そんな彼の予期もせぬ嘲弄な発言を経て、決して良い状態でなかったその場の空気に明らかに不穏なものが加速的に入り混じり始める。
「所詮、神の理に縛り付けられた貴様ら凡庸な天使と一緒にされては困る」
だが、それでも強く握りしめていた拳を解きながら、ルシフェルは声の調子を変えることなく吐き捨てた。
──そう。ルシフェルは「異端者」なのだ。「特別」過ぎた故に生まれてしまった負の遺物。
異物が紛れ込んでしまったような居た堪れなさと、浮き彫りになった自身の異質感に、ルシフェルの心の奥底にはいつしか虚無感が澱んでいた。これほど混沌とした“闇”は神の眷属には決して理解されるはずもない。
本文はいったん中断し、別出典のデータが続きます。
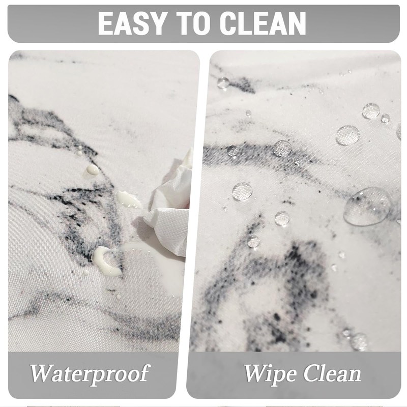 - Waterproof tablecloth: the fine fibres of the round tablecloth can effectively prevent the penetration of juice, oil, milk and coffee. Liquids should not remain on the tablecloth for a long time. Shake lightly to make the water drops bead off; wipe with a towel to remove dirt quickly

「そして今!私は自由の意思をもって、ここで人の存在を否定し、神の命令をも拒否する!!単に気に食わないからだ!理由なんてそれだけで充分だ」
まっすぐ前を見据える黄金の瞳に高圧的な光を湛えると、ルシフェルは一切の迷いを含まぬ芯の通った声音できっぱりと告げた。
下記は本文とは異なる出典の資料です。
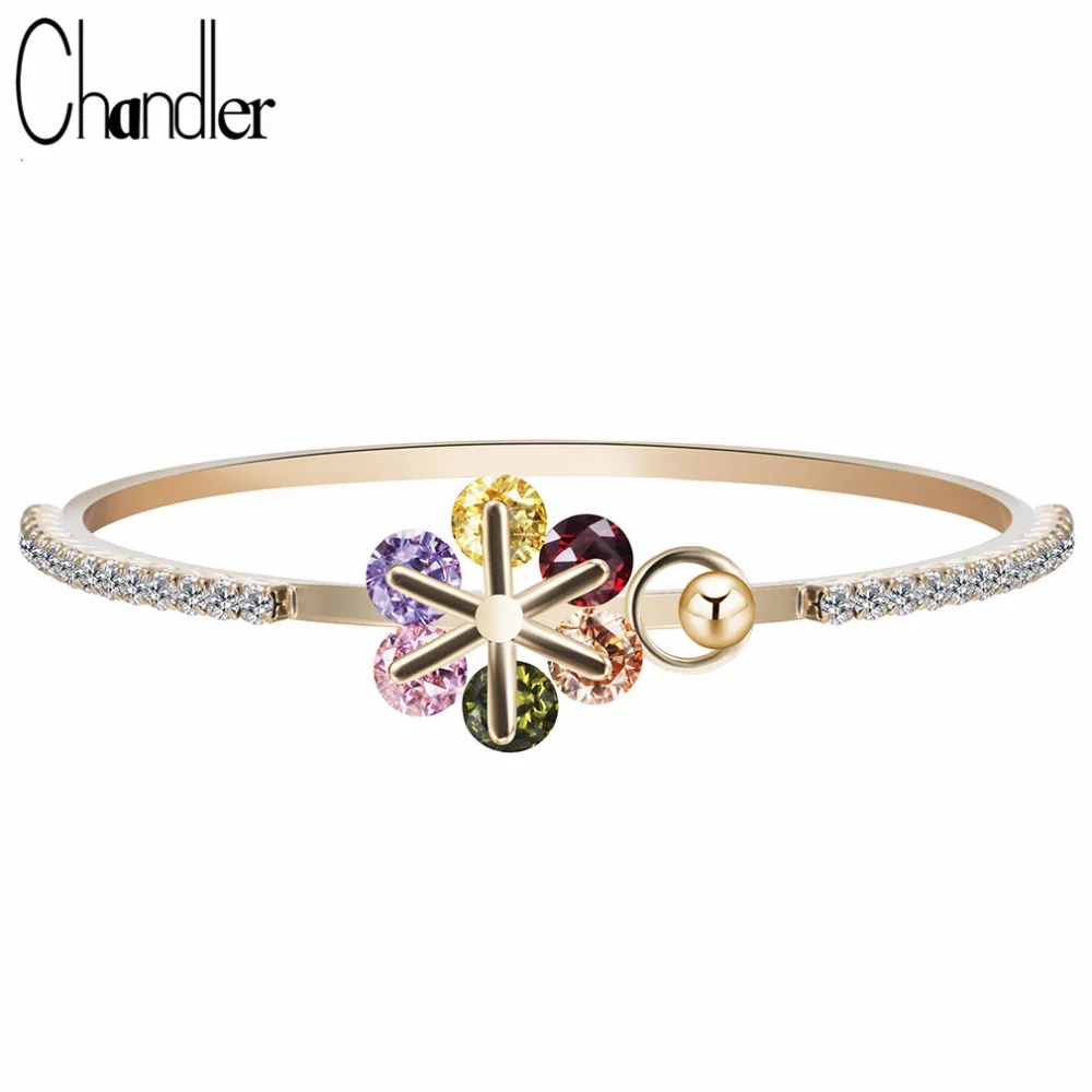 Chandler Классический многоцветный кристалл цветок Шарм браслет с прозрачным фианитом для женщин модные ювелирные изделия Femme Homme Лето Bijoux

「貴様らはそれを“傲慢”だと決めつけたがるであろう。──だが、それでいい。このルシフェルにはそれが許されているのだ!!」
ついには天使らしからぬ暴論を導き出し、ルシフェルは反論なんて認めないと言わんばかりに周囲を見回す。
その視線を受け、困惑と不服の感情が高まるのを感じるが、それを具体的な形にして示す者は現れない。
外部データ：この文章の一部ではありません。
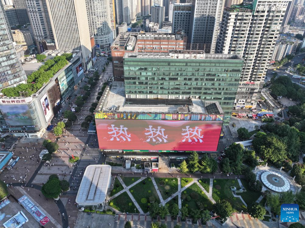 Tourists visit the Guanyinqiao business area in southwest China's Chongqing, Aug. 19, 2024. Renowned tourist destinations in Chongqing, a city known for its high temperatures, attract many tourists in summer. (Xinhua/Wang Quanchao)

なにか理由があるのか。それとも、もはや説き伏せることすら諦めているのか。
本来であれば、ルシフェルにあれほど抗弁したウリエルに期待がかかるところだが、彼もまた強い不満を表しながらも口を閉ざしている。
「──以上が、このルシフェルの意中のすべてだ。どうだ?ここまでの我が心をすべて計り知れたか?貴様ら程度が一方的に我が心を忖度するなど、思い上がるでない!貴様らはいつから身を弁えることをやめたのだ?」
いっそ清々しいそのの傲岸不遜な佇まいに誰もが言及を避ける中で、ミカエルだけはルシフェルの自己欺瞞に気づいた。
(違う!ルシフェル!なぜッ、なぜ本当のことを言わない!このままだと君は本当に──ッ)
焦燥と混乱に苛まれる中、少なくともルシフェルの発言の真意にそれとなく勘が働いたミカエルは、とにかく打開するために己が動きを作らなくては、と判断して踏み出そうとしたが、
〈もうよい〉
動き出す出鼻を制止するような神の声に二の足を踏まされた。
〈最も美しく愛おしい天の子よ
これが最後の慈悲と受け給え〉
〈我が命に従ねば 汝に相応の罰を与えん〉
「ほう......?我が主よ。仮に私がヒトに従わねば、貴方様はどのような処罰を下すおつもりで」
ルシフェルの挑発的な問いに、神は、
〈この場をもって
汝の天使長なる地位を剥奪せむとす〉
ミカエルの内心の懸念がついには現実になってしまった。